数据采集与融合技术_实验三
码云链接:实验三
1.作业①
1.1作业内容
- 内容:指定一个网站,爬取这个网站中的所有的所有图片,例如中国气象网(http://www.weather.com.cn)。分别使用单线程和多线程的方式爬取。(限定爬取图片数量为学号后4位)
- 输出信息: 将下载的Url信息在控制台输出,并将下载的图片存储在images子文件中,并给出截图。
1.2解题思路
1.2.1观察并分析主页面,发现图片在img标签下,同时子网站在a标签的href中
1.2.2进行网站遍历的同时,编写spider函数从每个网站爬取些许图片
soup = BeautifulSoup(data, "lxml")
images = soup.select("img")
links = soup.select("a")
if len(images) >= 5:
for i in range(5):
if images[i]["src"].startswith("http") and images[i]["src"] not in imgs:
imgs.append(images[i]["src"])
if len(imgs) >= 121 or deep == 0:
return
for link in links:
if link["href"].startswith("http"):
spider(link["href"],deep-1)
1.2.3 单线程下载图片
def download():
global imgs
for i in range(121):
request.urlretrieve(imgs[i],r"D:\数据采集\demo\实践\3\3.1\images\第"+str(i+1)+"张图.jpg")

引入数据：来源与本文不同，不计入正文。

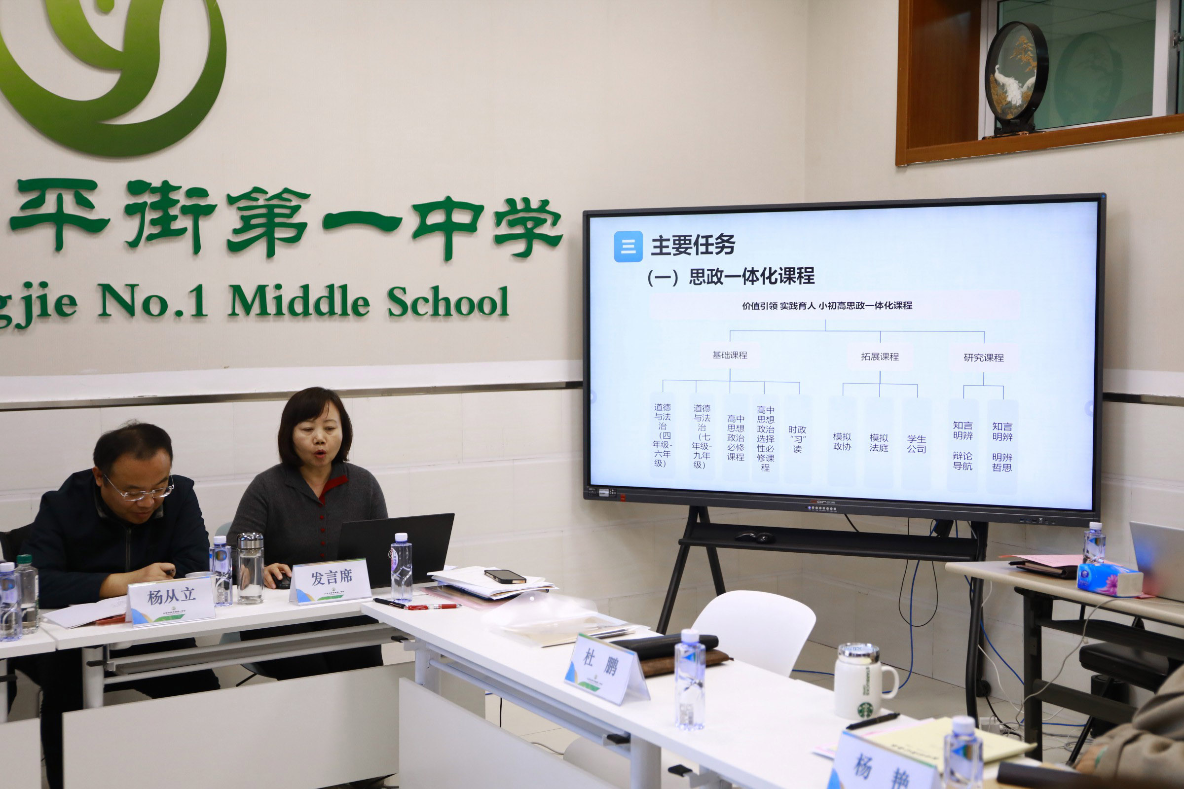 四个学科语文、英语、地理、思想政治教研组长王郁老师、李金花老师、马卫华老师、冯燕玲老师分别以《高中文言文进阶课程的实施路径研究》、《大单元视域下英语文化教学研究与示范基地建设》、《基于核心素养培养的地理学科育人基地校建设》、《价值引领 实践育人——小初高思课一体化建构与实施》为题,聚焦学科教研基地建设目标、任务、工作进展、效果等进行了系统汇报。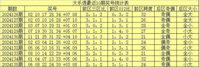 大乐透第2024135期奖号开出:06 08 22 24 30 +03 08。其中前区三区比为2:1:2,012路比为3:1:1,后区开出一大一小、一奇一偶奖号。

print("downloaded ", imgs[i])
1.2.4 多线程下载图片
def download_threads():
global imgs
for i in range(121):
T = threading.Thread(target=download, args=(imgs[i], i+1))
T.setDaemon(False)
T.start()
threads.append(T)
1.2.5 结果
1.3 心得体会
- 单线程按顺序下载图片,非常简单直观,速度较慢,多线程不一定按顺序执行,但是下载速度快
- 熟悉了对网站的遍历,巩固了对多线程爬虫的理解
2.作业②
2.1作业内容
求:使用scrapy框架复现作业①。 输出信息: 同作业①
2.2解题思路
2.2.1 在 item 中设置唯一参数src_url储存图片地址,编写mySpider
class mySpider(scrapy.Spider):
name = "mySpider"
count = 0
imgs = []
def start_requests(self):
url = "http://www.weather.com.cn/"
yield scrapy.Request(url=url, callback=self.parse, meta={"deep":3})
def parse(self, response):
try:
deep = response.meta["deep"]
if deep <= 0 or self.count >= 121:
return
data = response.body.decode()
selector = scrapy.Selector(text=data)
images = selector.xpath("//img/@src").extract()
n = 0
for i in images:
if i.startswith("http") and i not in self.imgs:
item = DemoItem()
item["src_url"] = i
self.imgs.append(i)
self.count += 1
n += 1
if n > 5:
break
yield item
links = selector.xpath("//a/@href").extract()
for link in links:
if link.startswith("http"):
url = response.urljoin(link)
yield scrapy.Request(url=url, callback=self.parse, meta={"deep":deep-1})
except Exception as err:
print(err)
2.2.2 在pipelines中下载图片
class DemoPipeline:
count = 1
def process_item(self, item, spider):
try:
if self.count <= 121:
with open("./images/第" + str(self.count) + "张图.jpg", "wb") as f:
print(str(self.count)+":"+item["src_url"])
img = requests.get(item["src_url"]).content
f.write(img)
self.count += 1
else:
return
except Exception as err:
print(err)
return item
2.2.3 修改 setting
BOT_NAME = 'demo'
SPIDER_MODULES = ['demo.spiders']
NEWSPIDER_MODULE = 'demo.spiders'
ROBOTSTXT_OBEY = False
ITEM_PIPELINES = {
'demo.pipelines.DemoPipeline': 300,
}
2.2.4 输出结果
2.3 心得体会
- 复习了scrapy爬虫框架,学会了xpath的使用,感觉熟练后的xpath会比CSS更便利
- 了解了scrapy中parse的传参机制
作业③
3.1作业内容
-
要求:爬取豆瓣电影数据使用scrapy和xpath,并将内容存储到数据库,同时将图片存储在imgs路径下。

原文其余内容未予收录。